Observation of YugaByte during k8s rolling upgrade

Hi there,

I was testing YugaByte through a rolling upgrade of the k8s cluster it’s deployed on and here’re some findings:

  • There’s a downgrade of read/write performance during k8s upgrade(see Journal below)
  • Records missing while app claimed 720,000 write ops done, there’re 719,998 in table .

Command I used:

export TSERVER=XXX.XXX.XXX.XXX
export WRITE_NUM=720000
export READ_NUM=14400000
java -jar yb-sample-apps.jar --workload CassandraKeyValue --num_unique_keys ${WRITE_NUM} --num_writes ${WRITE_NUM} --num_threads_write 1 --num_reads ${READ_NUM} --num_threads_read 1 --nodes ${TSERVER}:9042 > test.log;

Journal

11:35 upgrade errand
11:36 master down
11:38 master up
11:38 worker nodes rolling upgrade starts, app read/write speed decreases to 0.2 reads/sec, 0.2 writes/sec
11:46 nodes upgrade done
11:55 errand finished
11:56 read/write speed resumes to around 500 reads/sec, 280 writes/sec), left running until target all reads(14400000) and writes(7200000) finish
00:22 7200000 writes done, 719998 records in the table. Sample from log:
Read: 475.31 ops/sec (2.10 ms/op), 2641092 total ops | Write: 0.00 ops/sec (0.00 ms/op), 720000 total ops | Uptime: 6346154 ms | maxWrittenKey: 719999 | maxGeneratedKey: 720000 |
01:04 Stop the app. Still 719998 records in the table.

Can I have some explanation about the observations above in terms of performance downgrade and records lost?

Thanks

hi @qshao:

Some quick questions:

  1. To confirm - when you say k8s rolling upgrade, this is an upgrade of k8s software rather than upgrade of YB software to newer release on a k8s cluster, correct?

  2. Are you using anti-affinity where each yb-tserver is on a different VM/node and we don’t have multiple yb-tservers/yb-masters that are down during a roll of each k8s node?

regards,
Kannan

Hi @qshao,

One more question: what do you observe when one yb-tserver pod is restarted?
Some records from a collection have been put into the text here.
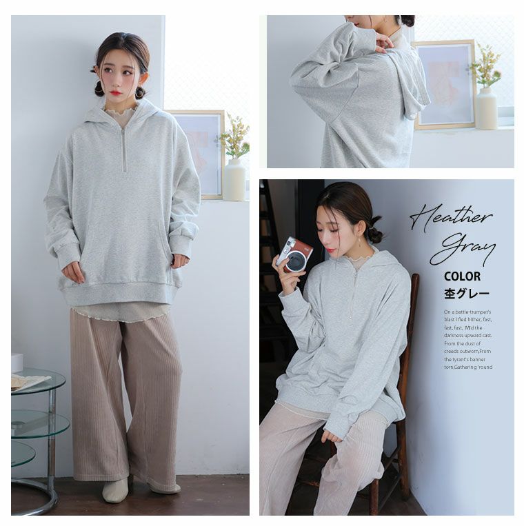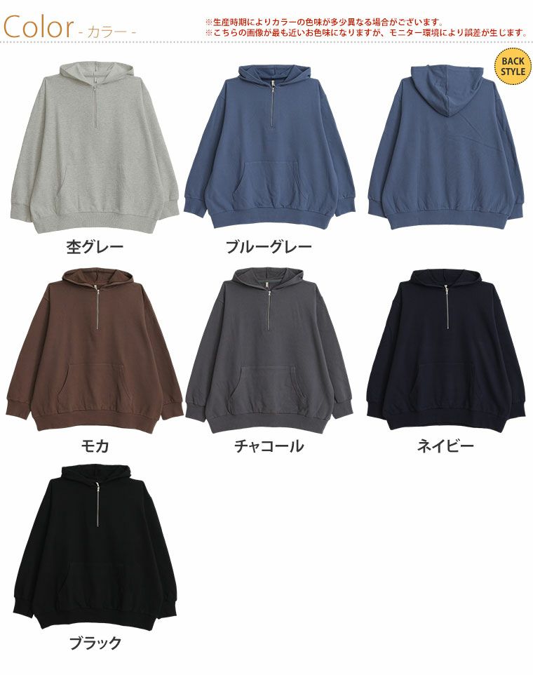 他の画像を見る オリジナル トップス パーカー トレーナー スウェット LL 3L 4L 5L 6L 7L 8L 秋 冬 ぽっちゃり ゆったり 春 【裏 起毛の服苦手さんにおススメ】 ゆるシルエット ハーフ ジップ パーカー | 大きいサイズの通販ならハッピーマリリン 価格 ¥ 3,990 税込 3.61 お気に入りに登録する
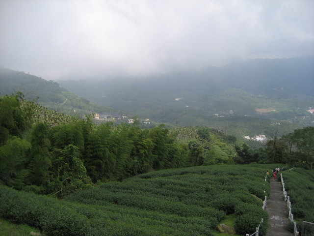 山裡的茶園以及遠方山上的雲霧~茶園小道上有遊客散步唷~
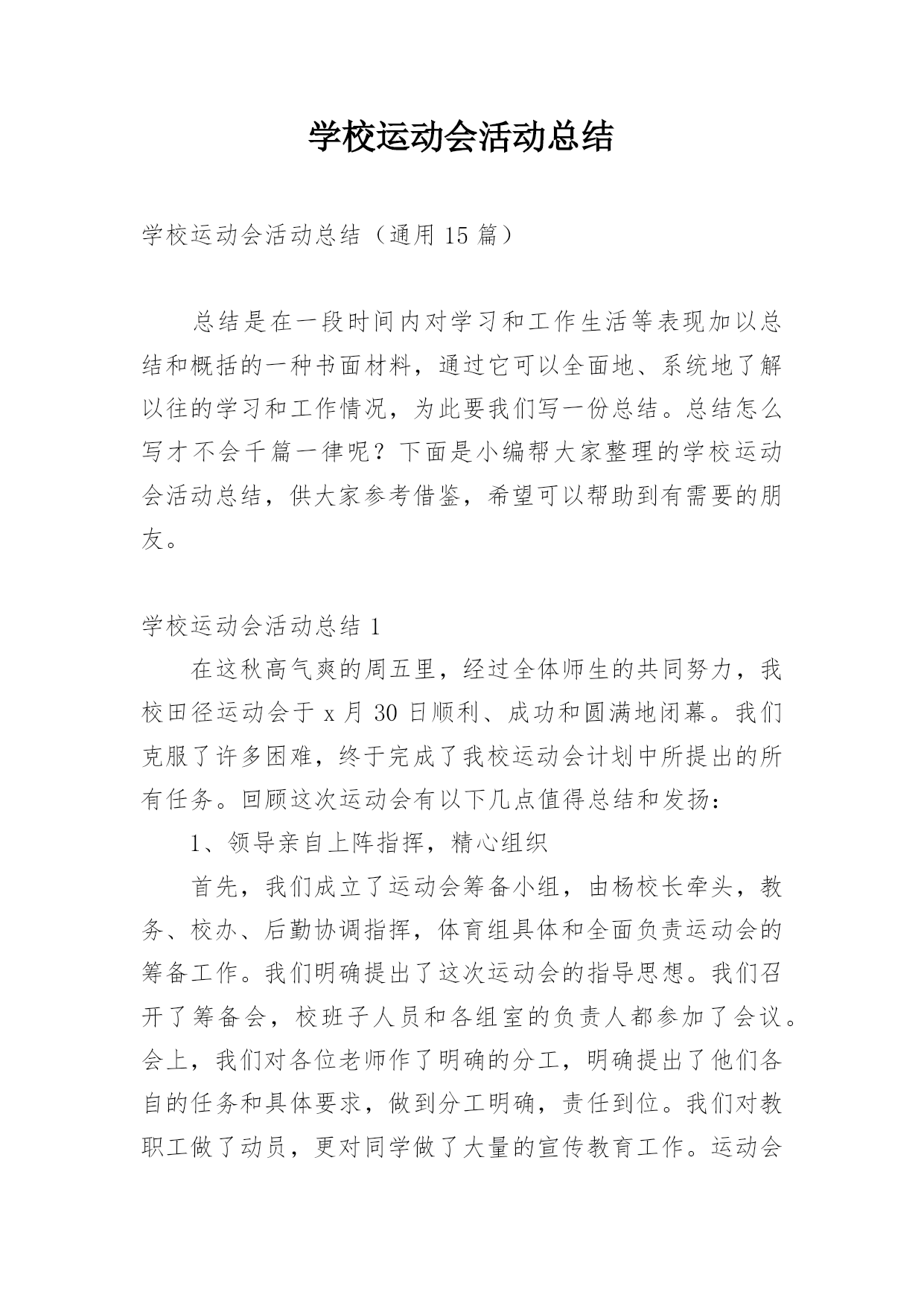 学校运动会活动总结学校运动会活动总结(通用15篇)总结是在一段时间内对学习和工作生活等表现加以总结和概括的一种书面材料,通过它可以全面地、系统地了解以往的学习和工作情况,为此要我们写一份总结。总结怎么写才不会千篇一律呢?下面是小编帮大家整理的学校运动会活动总结,供大家参考借鉴,希望可以帮助到有需要的朋友。学校运动会活动总结1在这秋高气爽的周五里,经过全体师生的共同努力,我校田径运动会于x月30日顺利、成功和圆满地闭幕。我们克服了许多困难,终于完成了我校运动会计划中所提出的所有任务。回顾这次运动会有以下几点

What we have seen is that if the nodes are restarted with enough of a time window in between the restarts, the app recovers gracefully.

Note that the ops/sec going lower is not a problem in real life, these ops will all succeed but will appear to have higher latency.

  1. Yes
  2. I used the enterprise version without specifying anti-affinity rules. But each pod does get scheduled on different k8s worker node both before and after upgrade

Yes all pods are rescheduled and restarted successfully.
Agree that the ops/sec decrease is not a problem. I’m concerned about the data loss/missing more. Not sure if it’s because YB itself or the error introduced by the app.

Updating this thread with the summary of an offline conversation.

Looks like there could be a window where all nodes could be offline in the case of a rolling restart of the underlying Kubernetes cluster.

@qshao mentioned it would be good to look at Pod Disruption Budgets, since (theoretically) it looks like it can protect the quorum better in the scenario of PKS cluster rolling upgrade. A key difference between rolling upgrades for updating a statefulset and upgrading the k8s cluster nodes is the following:

  • StatefulSets wait for the previous pod to be running before the next pod is upgraded/updated. This ensures that the quorum has at most one non-operational member at any point of time.
  • k8s nodes upgrade does not wait for the previous pod, resulting in multiple pods being down at the same time. So, if any pod has a longer startup time, there’s a chance of losing majority which could be the case if there is a workload running.